→ Data extracted from a collection
Content starts

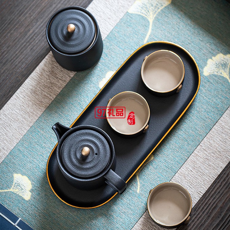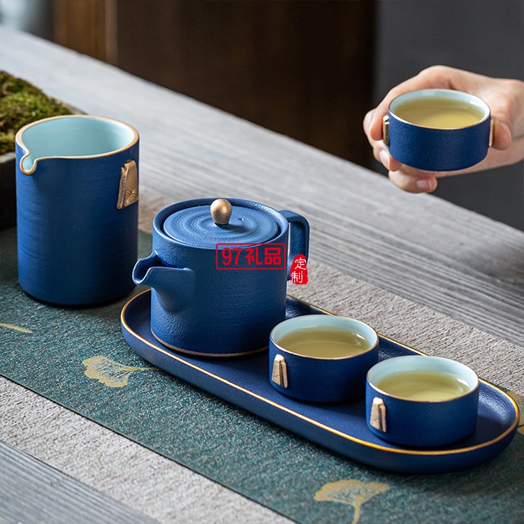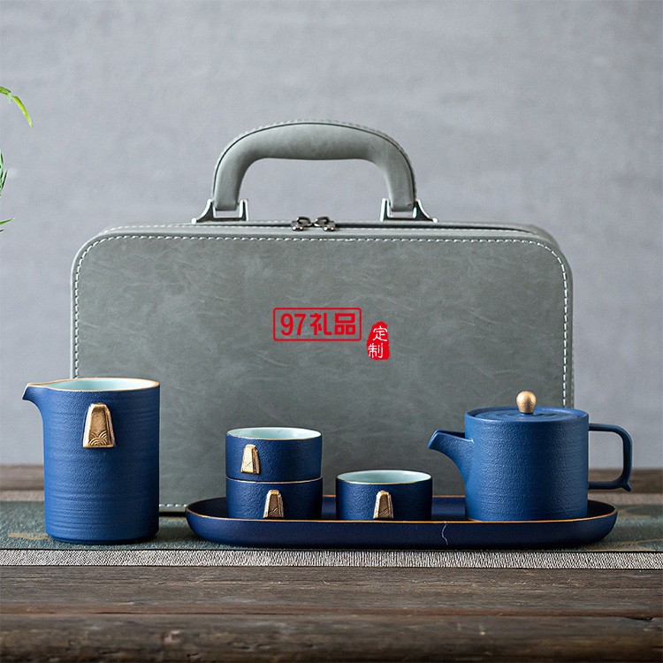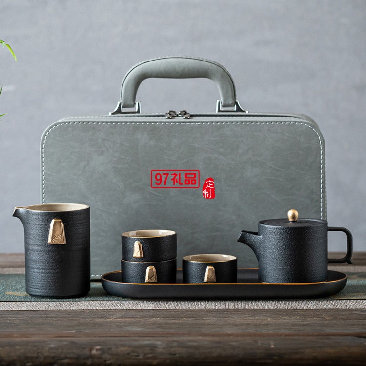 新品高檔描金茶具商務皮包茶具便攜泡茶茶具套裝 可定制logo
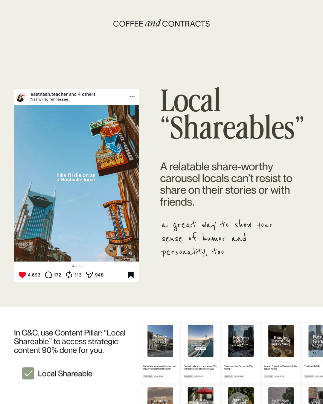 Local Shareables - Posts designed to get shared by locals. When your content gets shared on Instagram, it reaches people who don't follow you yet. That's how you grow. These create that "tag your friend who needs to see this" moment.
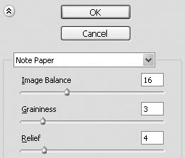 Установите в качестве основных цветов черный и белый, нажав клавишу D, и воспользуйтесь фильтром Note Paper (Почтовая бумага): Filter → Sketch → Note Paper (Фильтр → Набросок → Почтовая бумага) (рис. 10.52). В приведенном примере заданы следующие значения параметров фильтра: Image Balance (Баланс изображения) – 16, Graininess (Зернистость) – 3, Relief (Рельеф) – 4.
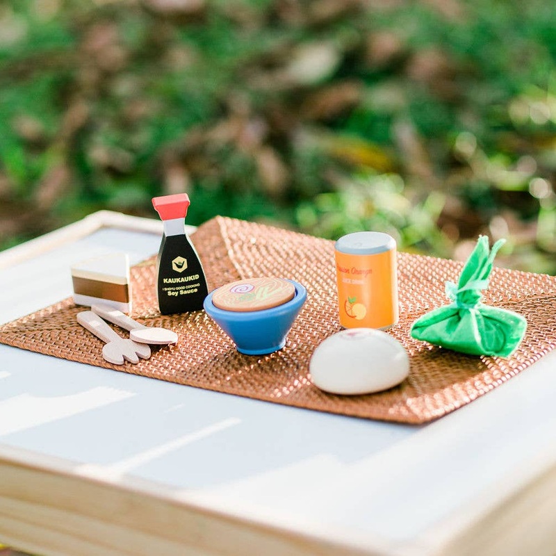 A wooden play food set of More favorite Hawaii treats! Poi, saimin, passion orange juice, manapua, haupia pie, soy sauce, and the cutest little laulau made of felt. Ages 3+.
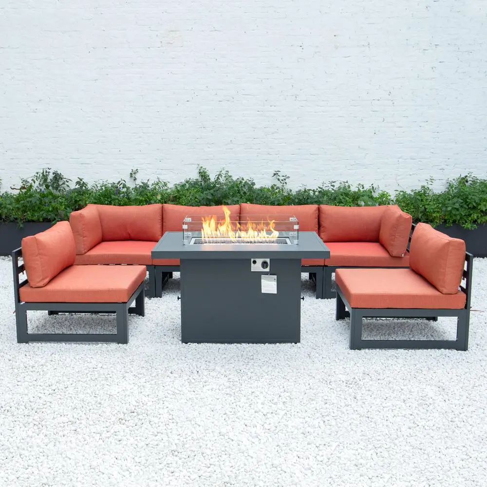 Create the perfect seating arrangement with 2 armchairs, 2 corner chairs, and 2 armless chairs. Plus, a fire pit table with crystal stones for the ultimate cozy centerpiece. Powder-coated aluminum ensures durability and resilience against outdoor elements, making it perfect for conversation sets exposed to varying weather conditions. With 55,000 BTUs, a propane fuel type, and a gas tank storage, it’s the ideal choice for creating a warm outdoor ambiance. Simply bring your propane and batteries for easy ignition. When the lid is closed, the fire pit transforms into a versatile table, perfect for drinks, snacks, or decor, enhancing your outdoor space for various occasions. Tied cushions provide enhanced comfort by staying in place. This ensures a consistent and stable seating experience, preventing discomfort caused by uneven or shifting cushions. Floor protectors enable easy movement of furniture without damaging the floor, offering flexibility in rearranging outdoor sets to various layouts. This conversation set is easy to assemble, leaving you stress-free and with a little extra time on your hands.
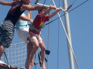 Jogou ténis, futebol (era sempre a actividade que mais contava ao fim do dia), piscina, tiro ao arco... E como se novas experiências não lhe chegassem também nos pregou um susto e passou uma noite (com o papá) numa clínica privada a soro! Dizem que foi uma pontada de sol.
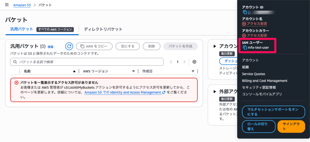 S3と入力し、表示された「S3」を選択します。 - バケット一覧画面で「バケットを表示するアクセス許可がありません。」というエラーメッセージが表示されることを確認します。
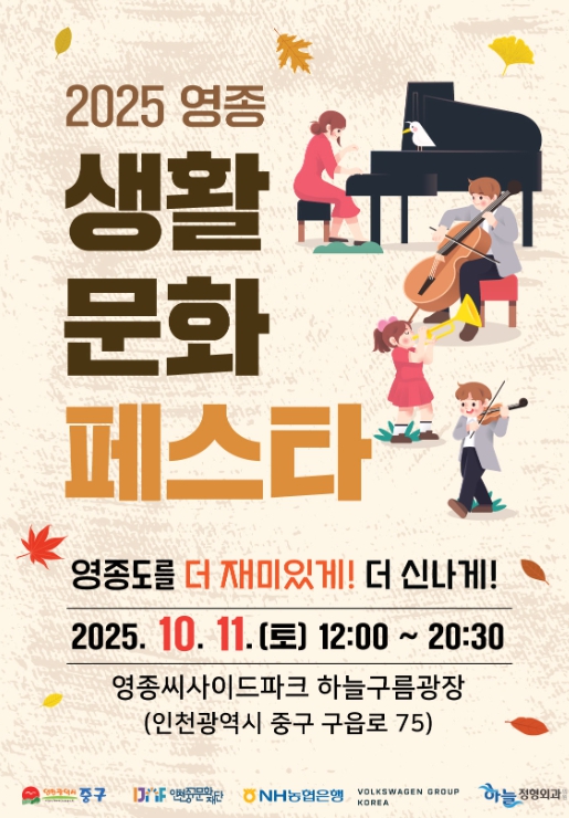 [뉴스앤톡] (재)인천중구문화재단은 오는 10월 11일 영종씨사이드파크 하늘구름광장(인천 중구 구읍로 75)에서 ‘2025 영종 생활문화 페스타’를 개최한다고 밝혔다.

Content ends

→ Assigned task
Leaving pictures out, output the lines of the data above from the one with "Установите в качестве" through the one with "A wooden play", word for word.

→ Response to the exercise
 Установите в качестве основных цветов черный и белый, нажав клавишу D, и воспользуйтесь фильтром Note Paper (Почтовая бумага): Filter → Sketch → Note Paper (Фильтр → Набросок → Почтовая бумага) (рис. 10.52). В приведенном примере заданы следующие значения параметров фильтра: Image Balance (Баланс изображения) – 16, Graininess (Зернистость) – 3, Relief (Рельеф) – 4.
 A wooden play food set of More favorite Hawaii treats! Poi, saimin, passion orange juice, manapua, haupia pie, soy sauce, and the cutest little laulau made of felt. Ages 3+.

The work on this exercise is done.